Data Source and Initial Analyzing Processing
Our dataset, available here, lays the foundation for our exploration. Before delving into the details, it's essential to preprocess the data for a clearer understanding. As can be seen from the figure below, there are 21 columns and existing NaN values that needs to be handle. The strategies will be varied depends on each column and its relationships with others. For instance, the 'dependents' column can be filled with the average except for clients below the age of 12 where it is nearly impossible to have any dependent at that ages.
At this point, some of you might have noticed that I mentioned clients below the age of 12. According to the law, it is possible to have clients under the age of 12 if they have a parent or a guardian to represent them with legal papers. From the Kaggle source, we are not blessed with any further information so I am making an assumption this is the case. However, we will look further to make sure these children accounts are not suspicious.
In total, we have 28,382 accounts at this bank with 21 columns, including customer_id. Some key transformations I performed including the conversion of 'branch code' and 'customer_networth_category' to categorical variables, the encoding of 'gender' and 'occupation,' and converting 'city' to a category in order to meet input type requirement of further machine learning models, which you can read in a few days after this article.
Demographic Overview
The demographic landscape unfolds with a nuanced exploration of age distribution. The dataset mirrors a normal curve, with a mean age of 48, which is roughly the same average age of Canadian standing at 41. Interestingly, as mentioned above, the presence of clients aged 1 to 12 raises intriguing questions. While it's plausible for parents to open accounts for their children, considering the financial literacy levels of Canadians, further scrutiny is warranted. The standard deviation range, spanning 30.4 to 66.02 years, positions the majority of clients in a mature age group. This demographic characteristic not only hints at a client set that is likely to have dependents but also suggests an ideal market for advanced financial products like investment and insurance.

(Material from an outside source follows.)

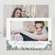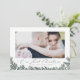 Celebra tu primera Navidad como recién casados con esta elegante tarjeta navideña con 2 fotos junto con la frase "Nuestra primera Navidad" acentuada con vegetación dibujada a mano. Perfecto invitación boda en Navidades para compartir sus fotos y saludos de vacaciones!

The examination of the vintage distribution, meaning the length of relationship between clients and our bank, adds another layer to our understanding. With a mean vintage of 2091 days, translating to approximately 5.7 years, we find ourselves at a juncture to draw parallels with US banks' average vintage of 17 years. This prompts two intriguing scenarios: either the bank is relatively new or is grappling with retention challenges. The kurtosis value of 2.93 warns us of potential outliers, urging a closer look into extreme values within the vintage data.

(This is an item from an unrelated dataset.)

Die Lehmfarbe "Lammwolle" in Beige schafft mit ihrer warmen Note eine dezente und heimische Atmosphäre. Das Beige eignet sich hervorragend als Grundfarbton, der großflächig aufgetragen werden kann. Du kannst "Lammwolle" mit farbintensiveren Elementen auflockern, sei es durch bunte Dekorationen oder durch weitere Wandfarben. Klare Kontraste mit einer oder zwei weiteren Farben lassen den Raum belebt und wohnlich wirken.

Temporal Patterns Analysis
Our journey through the dataset's temporal dimensions sheds light on intriguing patterns in transaction timestamps. The concentration of transactions in the last 60 days of the extraction year emphasizes the significance of this period. Furthermore, the examination of Day_of_Week patterns reveals a preference for transactions on Tuesdays, aligning with conventional banking activity. In contrast, weekends witness a dip in transaction volume, with Saturday and Sunday emerging as the less favored days for financial interactions.

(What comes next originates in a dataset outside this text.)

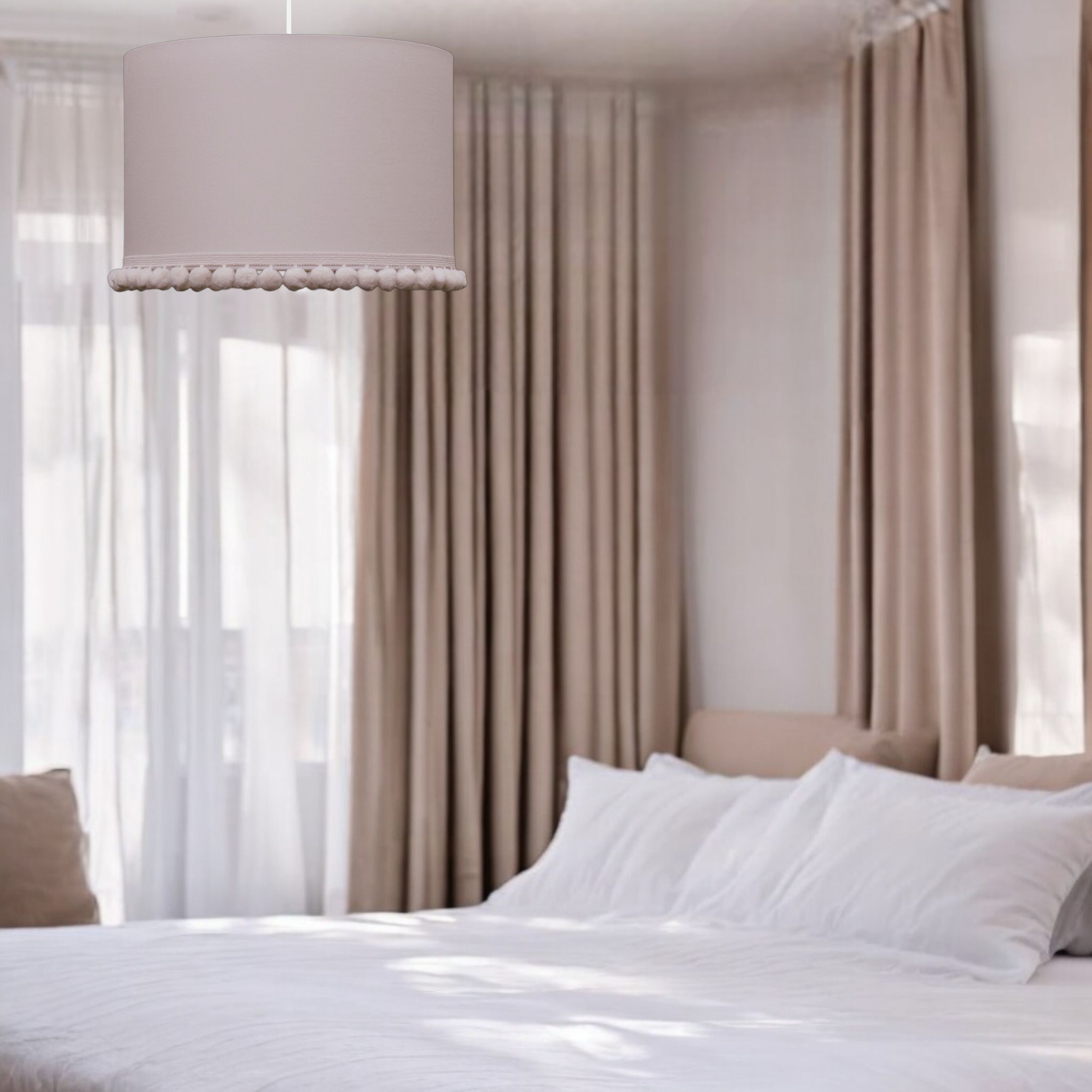 Beżowa lampa sufitowa z pomponami to uroczy akcent oświetleniowy, który wprowadzi do dziecięcego pokoju przytulny klimat i delikatny, dziewczęcy charakter. Wykonana z wysokiej jakości tkaniny w delikatnym odcieniu beżu, ozdobiona została subtelnym wykończeniem w postaci białych pomponów u dołu abażura. Ten drobny detal dodaje lampie lekkości i stylu vintage, doskonale wpisując się w aranżacje w stylu boho, retro, czy klasycznym.

Client Profile and Net Worth Analysis
A meticulous examination of the client profile uncovers fascinating aspects of the bank's customer base. The prevalence of "self-employed" clients positions this bank as an unusual retail model. The notable gender imbalance, with males constituting 59.4% of the clientele, raises questions about the bank's outreach and customer acquisition strategies.
The wealth distribution categories provide intriguing insights into the bank's clientele, diverging from conventional norms. With less than 15% of clients listed as highest tier and only slightly over 50% of clients are middle class tier 2, this bank client set has interesting and unsual distribution. To be specific, if you look at the chart below obtained from the US FED , wealth distribution for the above 50% percentiles are over 90% of the total. Thus, to unravel the mysteries behind this unique client profile, seeking clarification from the bank on how they categorize client net worth becomes imperative.
Churn Rate Examination Analysis
As we navigate the landscape of customer churn, a comprehensive overview of churn dynamics emerges. The churn rate, standing at 18.5%, surpasses industry benchmarks of 7-10%.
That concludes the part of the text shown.